(Stored items)
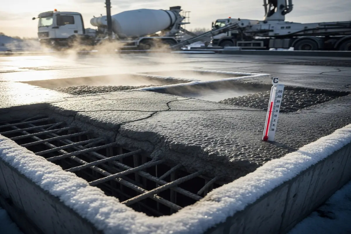 مهم ترین خطر در بتن ریزی زمستانی،یخ زدن آب در حفرات مویین بتن در سنین اولیه است؛ یعنی قبل از اینکه بتن بتواند حداقل مقاومت لازم برای مقاومت در برابر فشار انبساط یخ را کسب کند (معمولاً مقاومت فشاری حدود ۳.۵ مگاپاسکال).
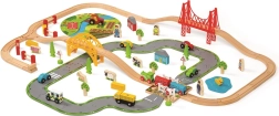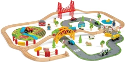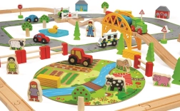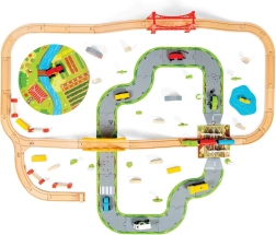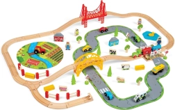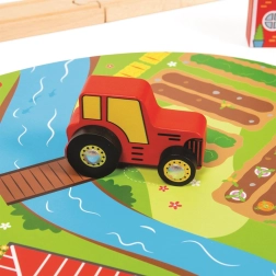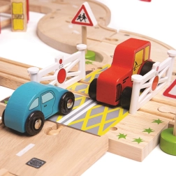 circuit de voitures de la marque Bigjigs Rail, qui combine le charme du rail et des routes dans un environnement rural.
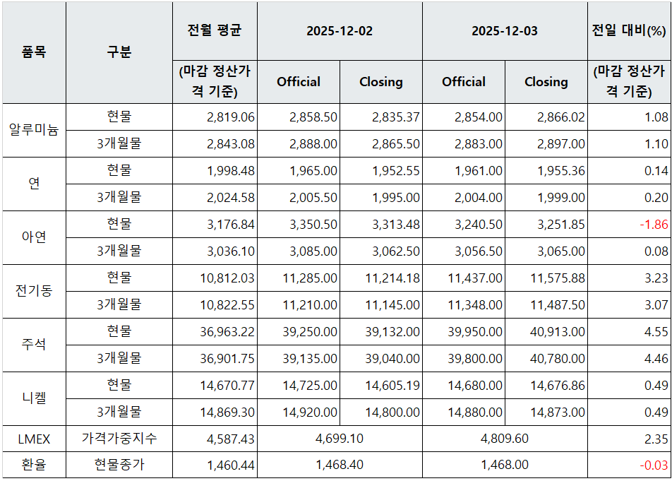 [표] LME 비철금속 및 환율 동향(12월 3일)
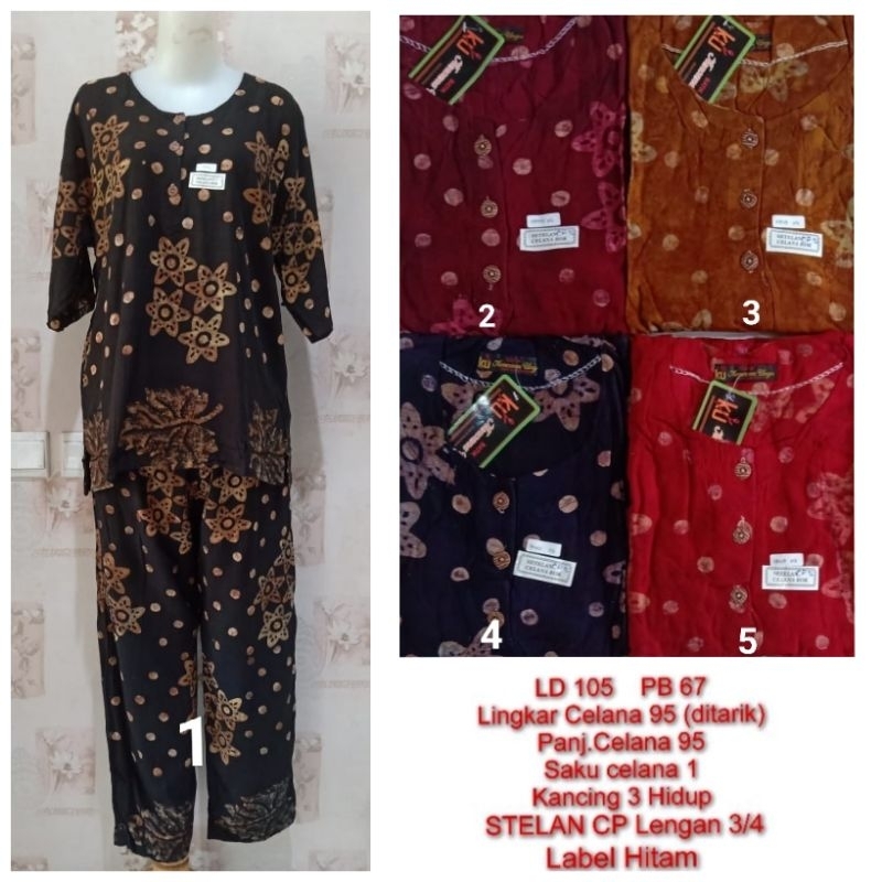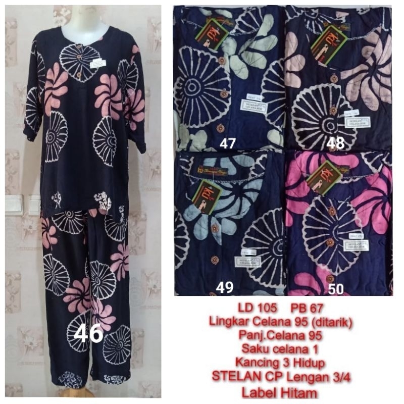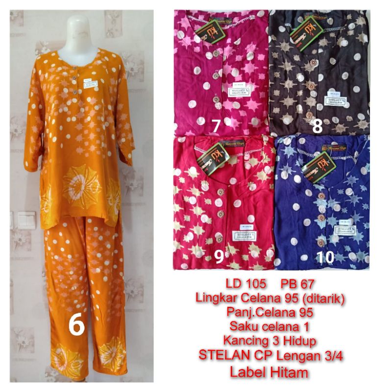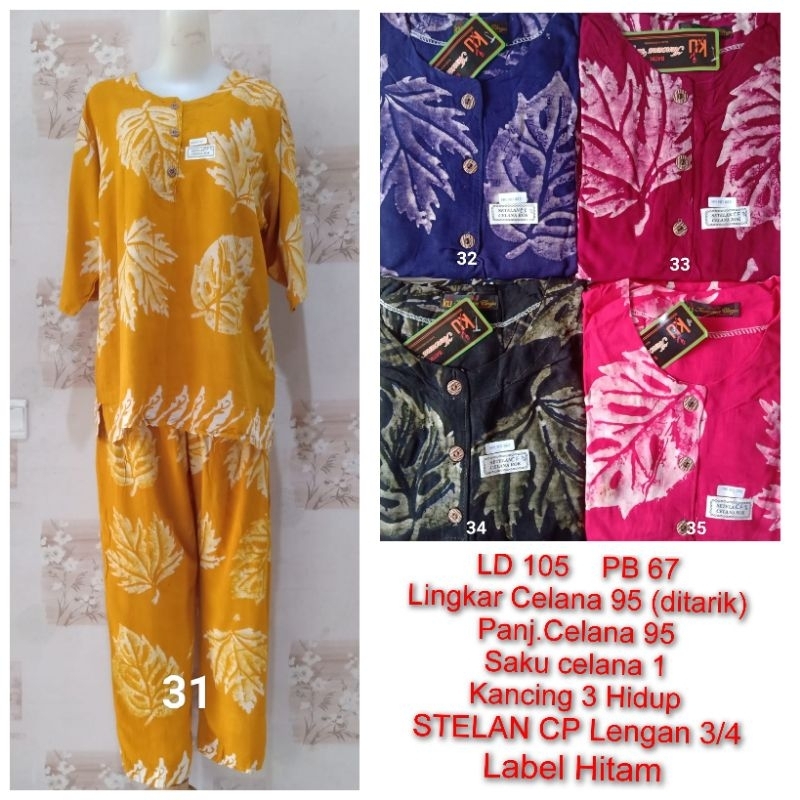 Stelan Kencana Ungu CP Lengan 3/4 Label Hitam Ori Bahan rayon shantung, sejuk nyaman dipakai LD 105 cm (Lingkar dada) PB 67cm (panjang baju) PC 95 cm (panjang celana) LC 95 cm (lingkar celana) Celana pakai karet, ukuran LC saat ditarik Kancing 3 Hidup Saku di Celana 1 Lingkar paha 60 cm
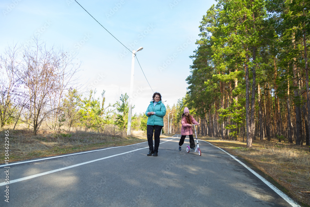 Little girl riding scooter while walking with her grandmother in the forest on a sunny day
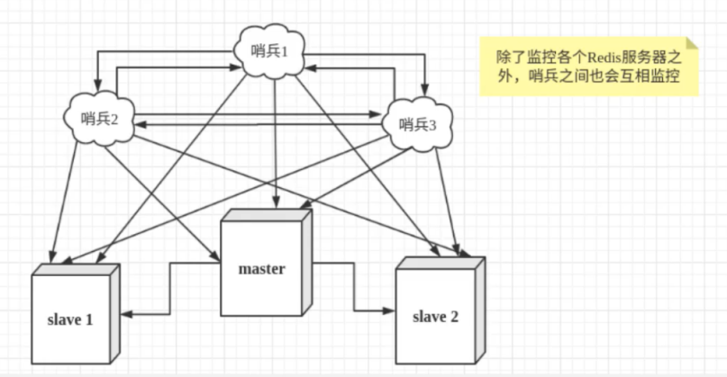 为了避免单哨兵故障,生产环境通常采用 "多哨兵模式",哨兵之间互相监控,提升集群稳定性。
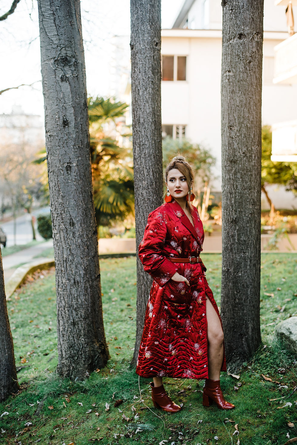 For my second look, I paired a long quilted oriental jacket from Front and Company, one of my favorite consignment stores in Vancouver, with a vintage red and gold belt to make it more form fitting. To add more excitement to the look, I also matched the coat with two oversize statement earrings and red leather ankle boots. I am in love with all shades of red and during the holiday season, I go all the way and incorporate red in all of my looks. Specially with the grey and gloomy weather in Vancouver during the winter I find that wearing warmer and bolder colours make you stand out and more cheerful! Make sure to check out my Hot Red Favourites on the top!

> _Exercise directions_
Print, with pictures removed, exactly the lines of the records above from the top through the line containing "为了避免单哨兵故障,生产环境".

> _Finished exercise_
 مهم ترین خطر در بتن ریزی زمستانی،یخ زدن آب در حفرات مویین بتن در سنین اولیه است؛ یعنی قبل از اینکه بتن بتواند حداقل مقاومت لازم برای مقاومت در برابر فشار انبساط یخ را کسب کند (معمولاً مقاومت فشاری حدود ۳.۵ مگاپاسکال).
 circuit de voitures de la marque Bigjigs Rail, qui combine le charme du rail et des routes dans un environnement rural.
 [표] LME 비철금속 및 환율 동향(12월 3일)
 Stelan Kencana Ungu CP Lengan 3/4 Label Hitam Ori Bahan rayon shantung, sejuk nyaman dipakai LD 105 cm (Lingkar dada) PB 67cm (panjang baju) PC 95 cm (panjang celana) LC 95 cm (lingkar celana) Celana pakai karet, ukuran LC saat ditarik Kancing 3 Hidup Saku di Celana 1 Lingkar paha 60 cm
 Little girl riding scooter while walking with her grandmother in the forest on a sunny day
 为了避免单哨兵故障,生产环境通常采用 "多哨兵模式",哨兵之间互相监控,提升集群稳定性。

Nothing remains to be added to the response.